Given who is writing the letters, it all has to be replied to, often at almost equal length. The prince’s protestations of apology, which verge on a kind of narcissism, are to be found on almost every page. “I think you will know by now – to your cost! – that these are matters about which I care deeply,” says one letter. At another point there is the rueful admission: “But perhaps I am now too dangerous to associate with!”

Mostly it is more tiresome than dangerous. But at times in the correspondence we see an heir to the throne pressing ministers on matters of real political sensitivity. GM crops is one such subject, and we know from Lord Mandelson’s memoirs that ministers had to tell the prince to tone it down and be more cautious. School education policy is another high-profile issue, on which the letters cast fresh light. “I remain convinced,” the prince writes to Ruth Kelly, “that the current approaches to teaching and learning need to be challenged.” He is keen, he tells her, that teachers of English and history should “come together to engage with the questions from first principles as to why teach English and history. Why are these subjects important? What should we be teaching in these subjects?” This is a political battleground. And these are the words of someone who is not supposed to be political player. There is a principle at stake here.

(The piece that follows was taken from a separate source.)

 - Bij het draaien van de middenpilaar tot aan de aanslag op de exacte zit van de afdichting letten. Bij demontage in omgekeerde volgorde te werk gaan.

Most of the time, Prince Charles behaves more as a bit of a bore on behalf of his good causes than as any sort of wannabe feudal tyrant. The idea that he is some latter-day George III or Kaiser Wilhelm, an over-mighty ruler wrestling with ministers for control of the wheel, with epochal consequences for his country, would be wide of the mark, at least on this evidence. But these papers reveal something that cannot just be dismissed, which emphatically justifies the long FOI exercise. That thing is the sheer scale of the prince’s lobbying efforts. Even if much of that is expended on the prince’s less controversial hobby horses, other parts push into more controversial areas. It adds up to a disturbing absence of proportion and self-awareness. It will do the prince little good.

This is, presumably, why the attorney general fought so hard to stop publication. The importance of these papers is not whether they reveal the prince’s controversial (or not) views on the European Union directive on herbal medicines. The importance is what they say about his judgment and its constitutional implications. The Queen has used silence and blankness to secure the modern monarchy. The silence and the blankness matter, and the prince should have learned as much from a process of contact with ministers that is supposedly part of his training. He has not been a very good student. At one point in a letter to John Reid, the then health secretary, the prince warns that “without proper consideration, various chickens will come home to roost in your own department”. The same could be said of Prince Charles, and in his case there is rather more at stake.